An added complexity is that, for data like ratings and reviews, it is difficult to determine if they were impacted by the fact that the movie was nominated for an Oscar or not. In other words, we don’t have the ability to reconstruct the exact timeline of our data’s construction.
We must also note that despite our best efforts to cleanse the dataset, there may still be some inaccuracies in the data itself. The final dataset that we have compiled is a wide one with fairly small number of rows, due to the nature of the problem (after all this is a once a year event with a different set of contestants each year). This makes models prone to noise and overfitting, even though the selection of ensembles as our algorithm mitigates this risk to some extent. You can get access to our input dataset via this BigML shared link or via BigML’s dataset gallery here.
3. Data Exploration
A good warm-up exercise in any predictive task is a visual perusal of the data. One such fishing expedition using BigML’s Association Discovery capabilities netted some interesting associations:
Nominees for best film are usually dramas and biographies and seldom action films.
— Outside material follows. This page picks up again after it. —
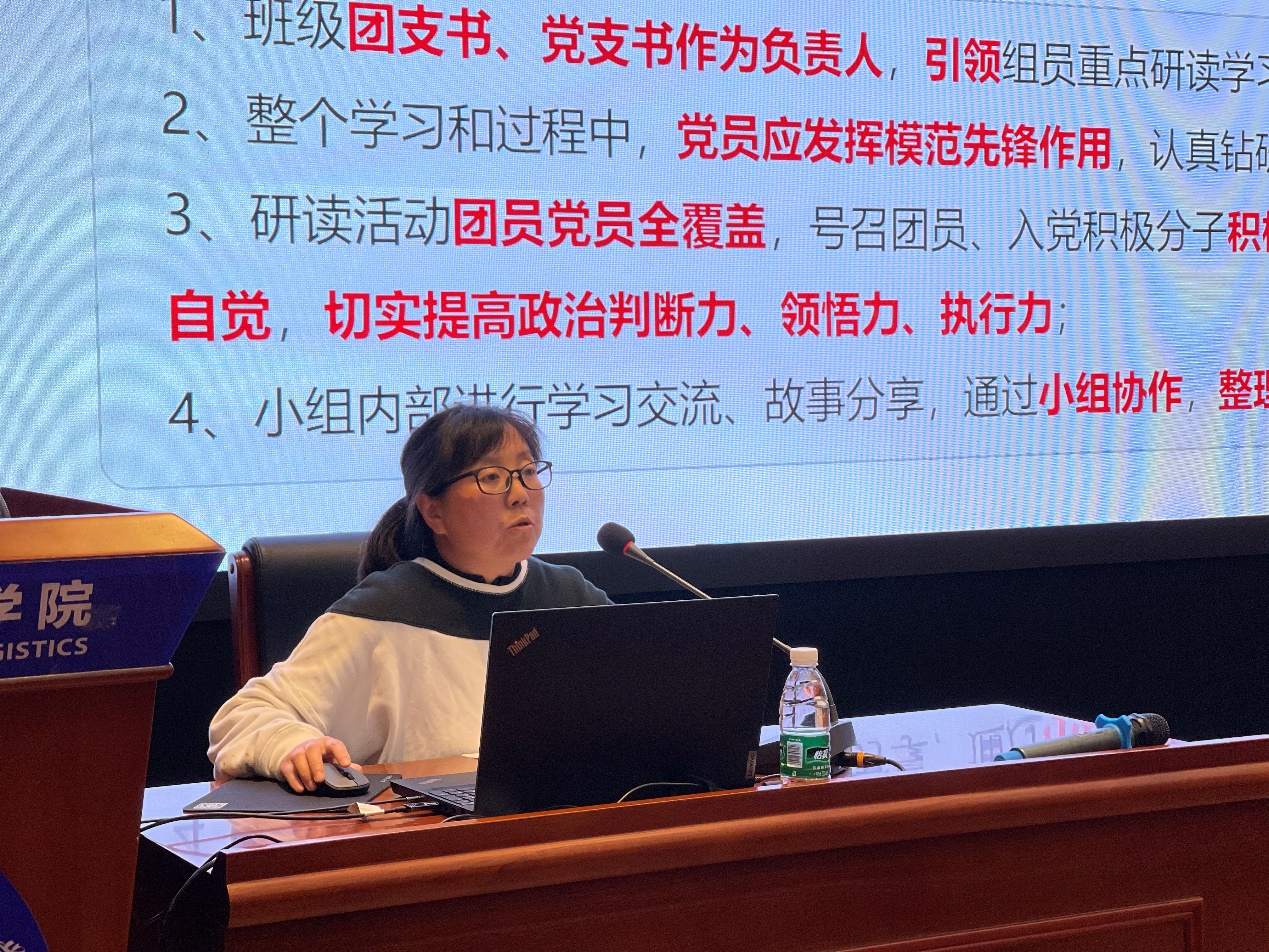 学工组张素风老师首先为大家介绍“明理力行”理论学习小组活动的总体安排,对研读活动的主题、背景、内容和安排进行了介绍。交运硕士2020级第二党支部、第八党支部、伟德体育2020级各团支部和公司3个科研团队的党员组成“明理力行”马克思主义理论学习小组,开展基于中国共产党百年历史的党史研读分享系列活动,活动分三个阶段进行:第一阶段“追寻党史记忆,感怀峥嵘岁月”——导读、自主研读;第二阶段“重温党史故事,凝聚前行力量”——小组研讨学习;第三阶段“讲述党史故事,感受百年风华”——研读分享会。本次活动将通过党史学习,结合学科和行业,回顾百年交通史,中国铁路史,品读在救国、兴国、富国、强国历程中百年交通从艰难到快速发展的历程,激发同学们主动为交通强国战略发奋学习的行动自觉。
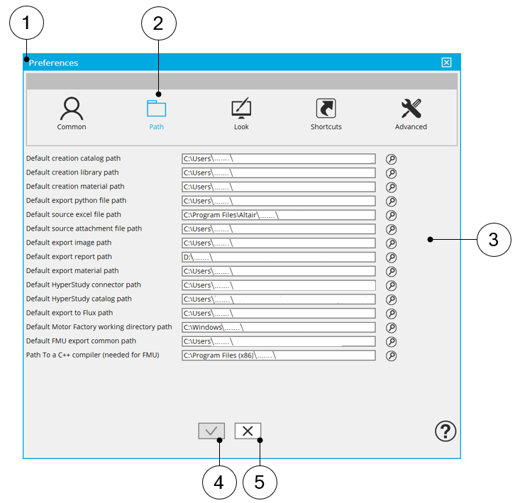 | 4 | Button to apply changes and close the Preferences dialog box. |

Among the winners, we did not find a strong correlation with genre since the nominees already belong to a tight group of genres.
When using Association Discovery to find the most important correlations between the Oscars and other awards, we saw especially notable correlations with the Golden Globes or the Critics Choice awards, among a few others.
- As shown in the scatter plot below, not always the movies with higher box office or more votes win the Oscar to the best picture.
- Something similar happens with user and critics review:
4. Feature Engineering
Most datasets can be enriched with some extra features, derived from existing ones, that can increase the predictive power of the data. In our case, since the unstructured movie reviews can be challenging to analyze, we ran all the IMDb user review data through a Topic Model analysis, which automatically discovers a set of topics that can be used to characterize each data row. Then, for each movie, the set of topics and their associated probabilities were added as new features to our dataset. All told, our Machine Learning-ready dataset is composed of 256 different fields for 1,152 movies produced since 2000. Once the a dataset is ready, the modeling and evaluation tasks become easy-peasy-lemon-squeezy with BigML.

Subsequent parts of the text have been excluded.